Мне очень хотелось задать вопрос о родителях девочки. Где ее отец и какое отношение она имеет к Андрею, но я не решилась. Андрей, точно прочитав мои мысли, вдруг произнес:
– Это очень грустная история.
Я осмелилась посмотреть на него. В его лице ничего не изменилось, разве что привычная затаенная печаль мелькнула в глубине глаз.
– Смерть всегда печальна. Мама Полинки была очень красивой, – попыталась я найти слова утешения. С ним это было сделать труднее, чем с девочкой.
– О, да! – кивнул Андрей. – Очень красивой, очень молодой и очень несчастной… – Голос его дрогнул, и он оборвал себя буквально на полуслове. – Так скажи все-таки, зачем ты приходила? – спросил он явно для того, чтобы сменить тему.
– Ну, это касается твоей работы…
– Вот как? Интересно.
– Ну, не совсем работы, я неправильно выразилась. Я хотела кое-что узнать о Диане.
Он удивленно приподнял брови:
– С каких пор тебя стала интересовать эта женщина?

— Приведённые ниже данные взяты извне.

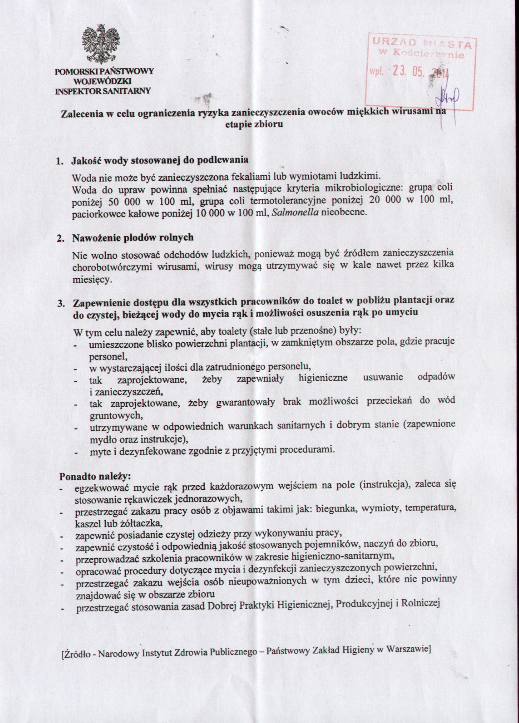 Zalecenia Pomorskiego Państwowego Wojewódzkiego Inspektoratu Sanitarnego dla plantatora owoców na temat wymagań higieniczno-sanitarnych jakie powinien spełnić podczas zbioru owoców miękkich w celu ochrony przed zanieczyszczeniami mikrobiologicznymi.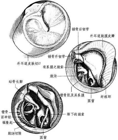 释义 | 结论 鼓室手术途径有: 1 .经外耳道途径,在剥离部分或全部皮肤后所涉及到的部分鼓膜(Sourdille鼓膜耳道瓣)。 2.在上鼓室,经一孔窗或经鼓室天盖(岩上途径)进入鼓室上隐窝壁。 3 .在鼓室房的后壁,达后鼓室区,经乳突途径(后鼓室探查术)。 4.在下鼓室,经外耳道途径(骨部耳道途径)。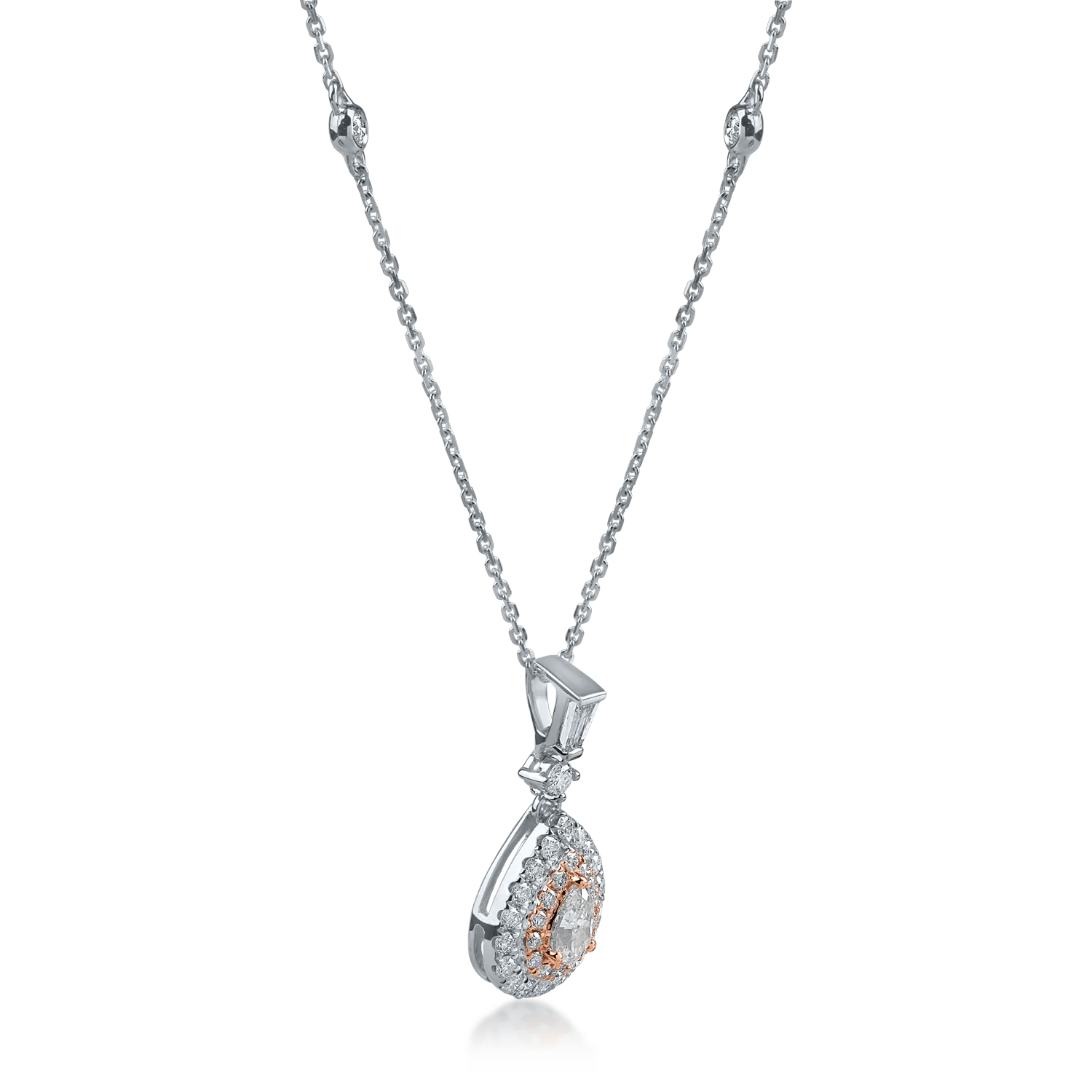 Descoperă eleganța acestui lanț sofisticat din aur alb-roz, împodobit cu diamante roz în tăietură pear și rotundă de 0.4ct, alături de diamante incolore baguette și rotunde de 0.4ct. Combinația de aur în două nuanțe și pietre prețioase adaugă un plus de stil și rafinament fiecărei ținute.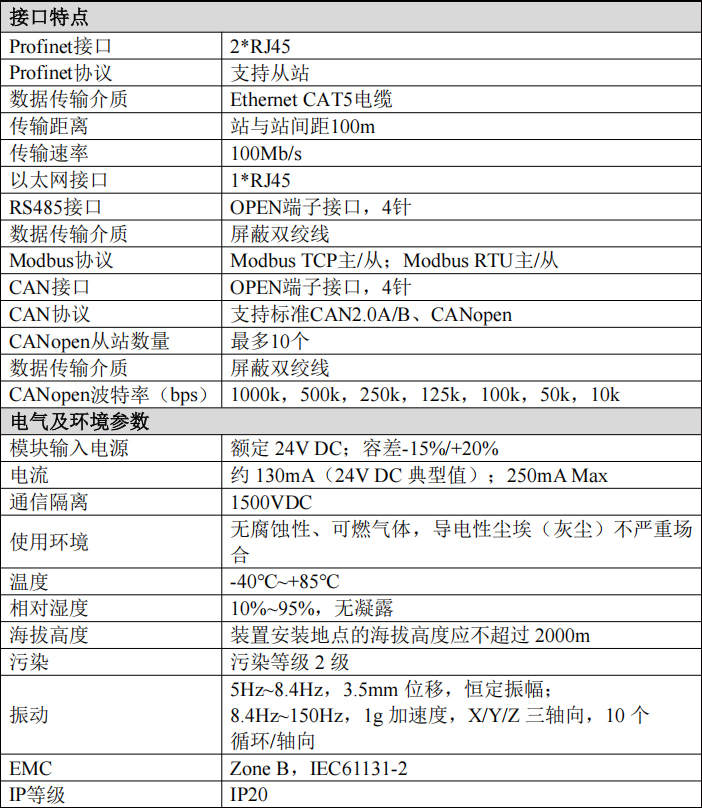 - (1)2個(gè)Profinet總線接口(RJ45),支持從站級聯(lián);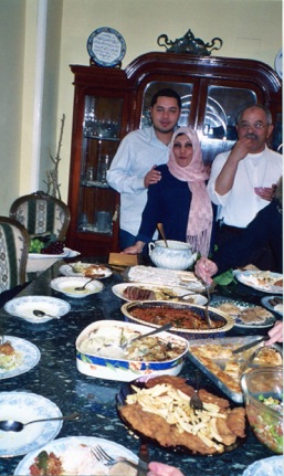 One evening in Cairo we were guests for dinner in the house of an Egyptian family. This was a prearranged “meet the people” dinner, arranged by our tour operators, to “achieve a better understanding of the country”. The hosts receive reimbursement for their efforts. For some of them, this means extra income; for others, they are genuinely interested in meeting with Americans, to talk to them and to exchange views on Egypt and America as seen by them and by their guests. Our host owns a small factory making those small paper bags containing sugar you see in restaurants. They were obviously upper middle class. The Lebanese food they served was copious and excellent. They were very kind and hospitable.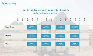 Laat je inspireren tijdens sessies over bestemmingen als Thailand, Zuid-Afrika, Amerika, Indonesië, Sri Lanka, Costa Rica, Japan, Mexico, Canada en Australië. Je ontmoet andere reislustige ouders, spreekt onze bestemmingsexperts en doet volop ideeën op voor een reis die past bij jullie gezin.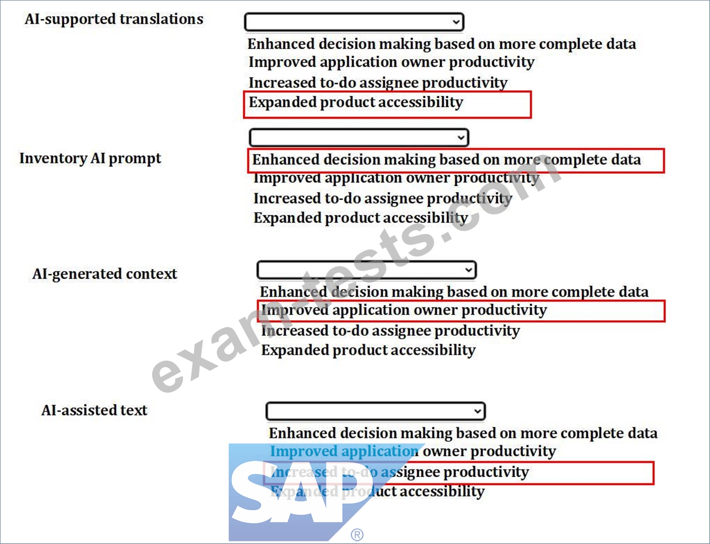 Enforce compliance: "With SAP AI-powered governance, compliance, and risk management solutions, finance departments can identify and respond to risks as they arise."learning.sap.com "Optimize working capital, manage risk, ensure compliance, and grow revenue."sap.com Guard against fraud: "AI-assisted anomaly detection to protect the business against fraud."learning.sap.com "Reduce revenue losses due to fraud using AI with SAP Business Integrity Screening for SAP S/4HANA Cloud Private Edition."sap.com Simplify error resolution: "Intelligent guidance to simplify error resolution."learning.sap.com "Eliminate manual payment clarifications, reducing accounts receivable matching effort by 71% with AI-powered matching and payment advice extraction."sap.com Other options are incorrect because: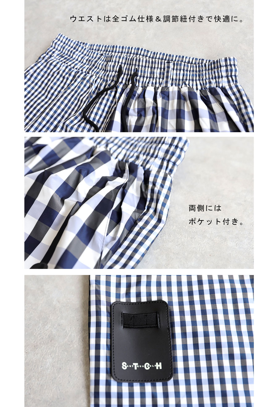 ・ウエストに全ゴム仕様&調整紐付き。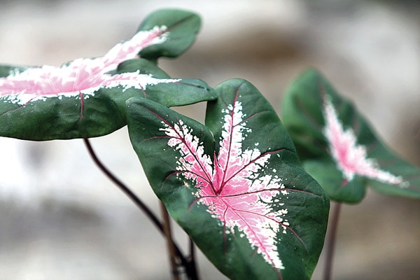 DISUKA IBU-IBU: Warna Caladium baret dan keladi Ace of Heart mencolok. Keladi tersebut juga populer di kalangan penghobi. (SALMAN TOYIBI/JAWA POS)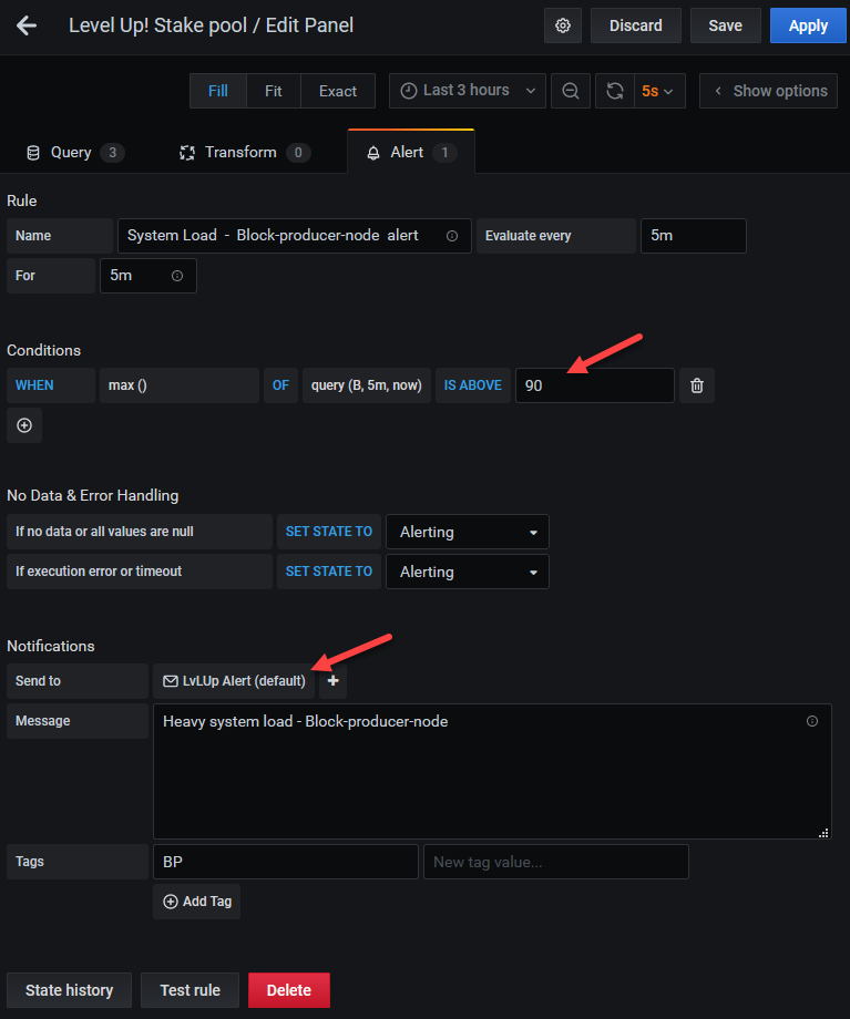 Click on Save button. - When you see a green heart, that means your alert rule conditions are met. If not, you will receive notification by email and you will see a broken red heart.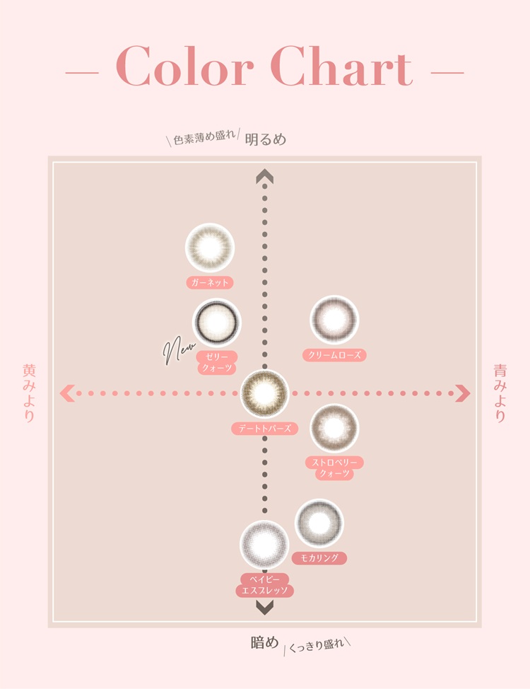 | カラー | ゼリークォーツ、クリームローズ、モカリング、 ベイビーエスプレッソ、デートトパーズ、 ストロベリークォーツ、ガーネット |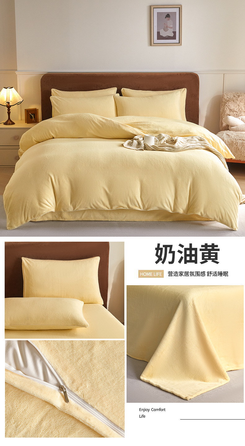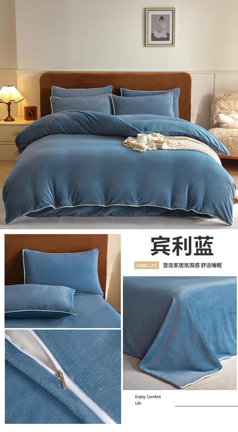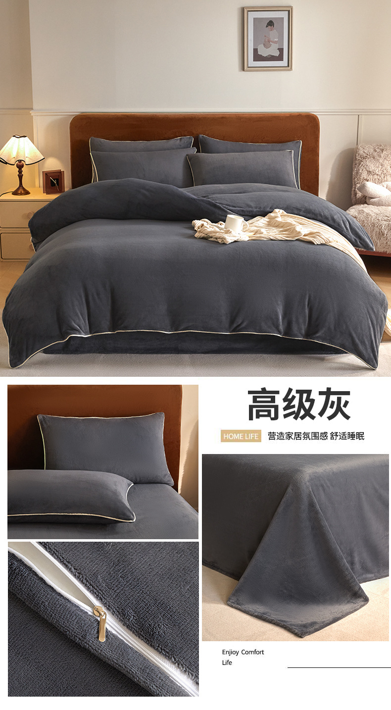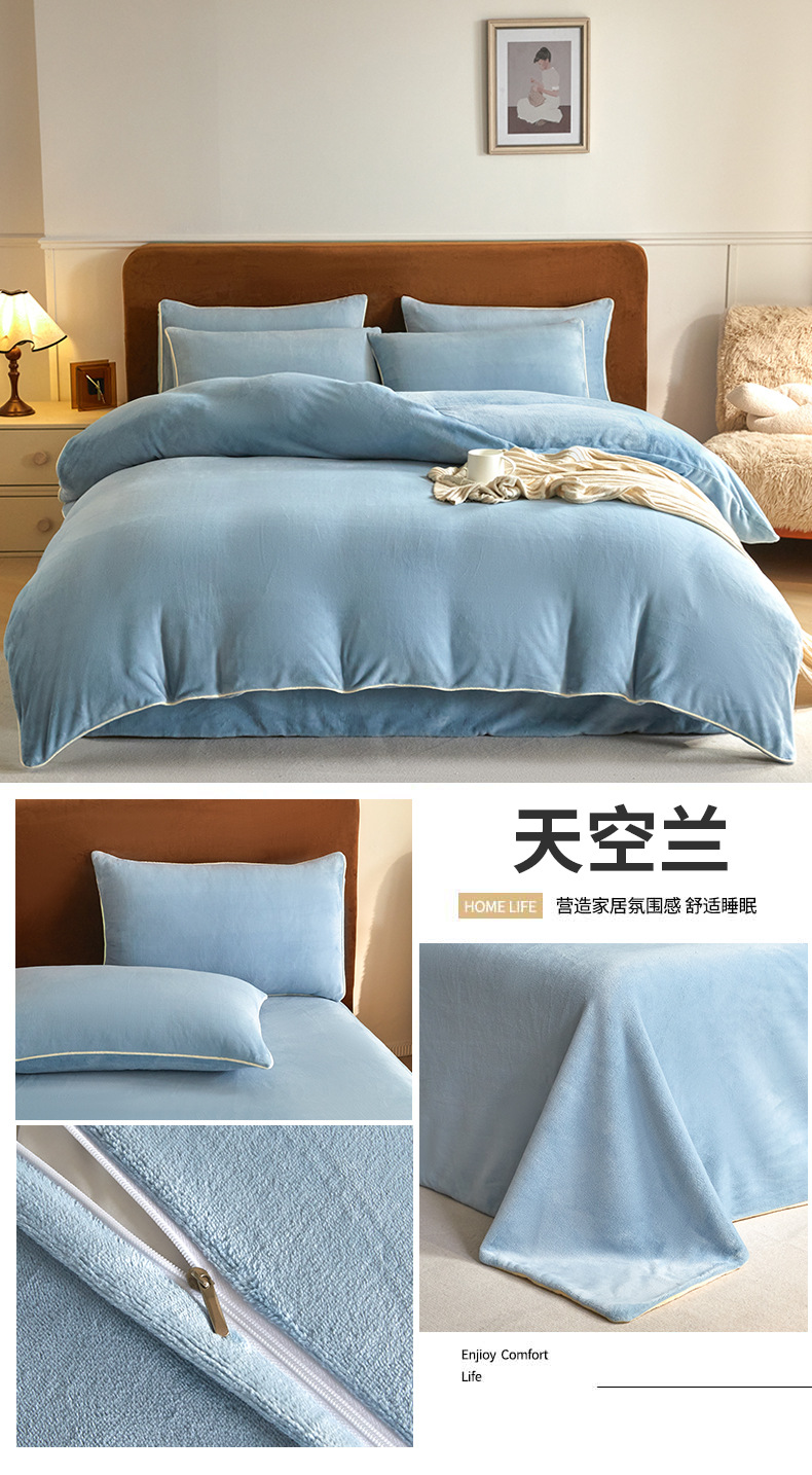 밀크 벨벳 침대 4 피스 코랄 벨벳 겨울 기모 플란넬 두꺼운 양면 벨벳 퀼트 커버 침대 시트 3 피스 세트

– С тех самых, как она захотела купить у моих друзей старое зеркало и предложила за него, не торгуясь, огромную сумму. Меня удивило ее желание, скрывать не стану. Обычно в таких случаях покупатели бывают очень придирчивы, стараясь убедиться в подлинной ценности раритета. Ну, требуют заключения всяких там экспертов, консультантов и все такое. Диана же, насколько я могу судить, видела эту вещь всего лишь мельком и решилась на покупку без всяких свидетельств его подлинности.
– И много она предложила?
– Сто тысяч.
– Долларов, как я понимаю?
– Ты правильно понимаешь.
– Странное дело.
– Вот и я так подумала. Но если бы выяснилось, что Диана – страстный коллекционер… К примеру, собирает произведения египетской культуры. Тогда бы все встало на свои места.
– Да нет, полный бред! – убежденно возразил Андрей. – Диана совершенно не переносит старых вещей – у нее что-то вроде фобии. Никакая историческая ценность предмета не может преодолеть ее брезгливости: Диана убеждена, что антиквариат – это скопище болезнетворных бактерий и плесени, от которых не может избавить никакая реставрация. В ее доме находятся исключительно новые вещи, можешь поверить мне на слово.